Technique of Iridocyclectomy
Limbal Flap Approach
A fornix-based conjunctival flap is made to expose sclera in the area of the tumor. An anterior-hinged limbal-scleral flap is raised four-fifths of the scleral thickness at least 3 mm around the tumor (Fig. 36.2). Diathermy is applied to the remaining scleral bed surrounding the tumor. The anterior chamber is entered, and the flap is elevated to expose iris and tumor (Fig. 36.3). The tumor is excised starting at the pupil margin, moving posteriorly, and removing the section in one piece. The sector iridectomy is then closed with fine nonresorbable suture, and the scleral flap is closed with interrupted sutures (Fig. 36.4).
T Incision of Stallard
The T incision of Stallard allows larger tumor exposure and excision. A conjunctival flap is opened to expose bare sclera and a Flieringa ring is fixed through episcleral sutures. A T-shaped limbal-scleral incision is then made with a knife and extended with the corneoscleral scissors. Closing sutures may be preplaced. The ciliary body surrounding the lesion is treated with penetrating diathermy (Fig. 36.5A). With the cornea and scleral flaps reflected, the pupillary margin is grasped and the iris incised radially to the iris root (Fig. 36.5B). The involved portion is excised with scissors.51,52
FIG. 36.2 Fornix-based conjunctival flap is opened. The scleral flap is raised four-fifths of the thickness 3 mm around the tumor. |
Modifications of this technique, such as eliminating the Flieringa ring or including cataract removal, may be made as necessary. Müller et al.47 described a technique using a trephine to replace the overlying corneoscleral tissue over the tumor prior to dissecting the sclera (Fig. 36.5C). Its advantage is that there is less likelihood of disturbing the tumor mass while excising the tumor (Fig. 36.5D).

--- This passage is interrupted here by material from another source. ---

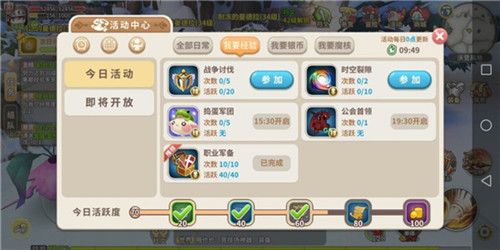各位萌主大大,点开主页的“活动”按钮之后就会看到我们的日常活动列表了。这里各位大大们可以根据自己的需求选择,我们今天说的主要是萌新升级,所以我们直接点击“我要经验”,这里我们会看到主要的经验活动有那些: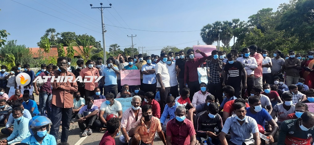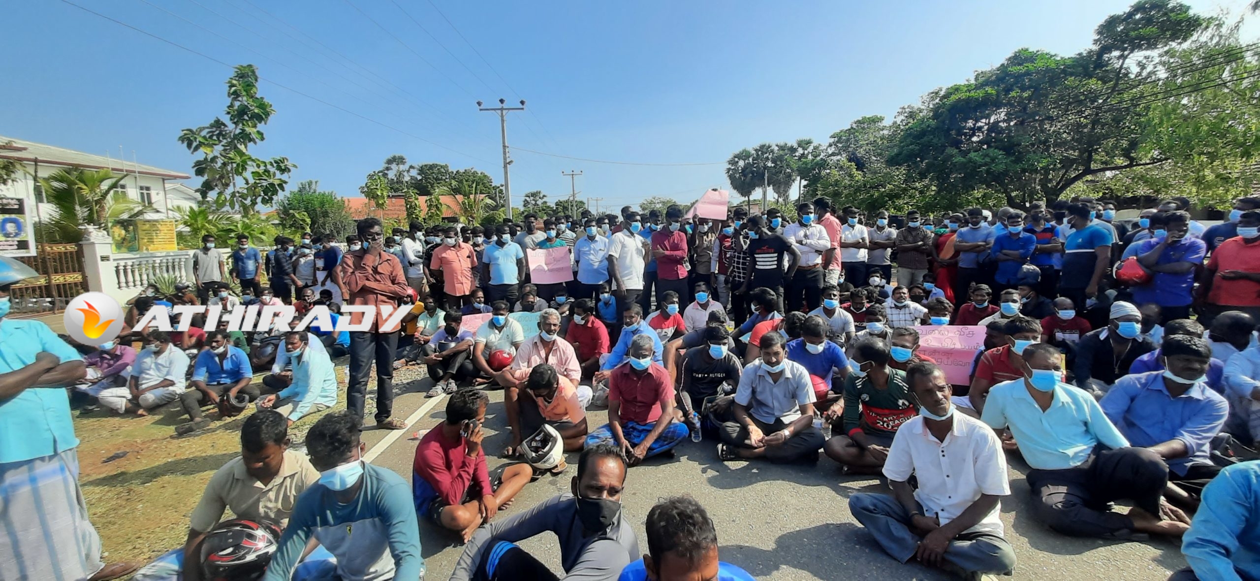 தாளையடி வீதியை மறித்துள்ள அப்பகுதி மீனவர்கள் போராட்டம்!! (படங்கள், வீடியோ)

Iridocyclochoroidectomy of Peyman
Iridocyclochoroidectomy of Peyman allows large tumor removal when there is more choroidal involvement posteriorly. After transillumination, localization, and marking on the bare sclera, a Peyman C-shaped cyclectomy basket is sutured in place (Fig. 36.6A). The scleral flap is fashioned depending on the location of the tumor. A limbal-based scleral flap can be raised with tumors located anteriorly not involving the retina. However, with more posteriorly located tumors that involve the retina, the scleral flap is started at the limbus and dissected posteriorly. A partial-thickness scleral flap is dissected and penetrating diathermy performed around the tumor margins outlined by transillumination (Fig. 36.6B). The tumor is excised with scissors, using radial iris incisions extending along the diathermy margins (Fig. 36.6C). The crystalline lens is removed with vitrectomy instruments, cutting all zonular attachments. After suturing the sclera in place with fine nonresorbing sutures (Fig. 36.6D), a vitrectomy is completed through an opening in the wound, or preferably using a standard pars plana approach. Ocular volume is replaced by intravitreal gas or silicone oil injection. Endolaser retinopexy is used to augment diathermy more posteriorly around the tumor base to ensure chorioretinal adhesion.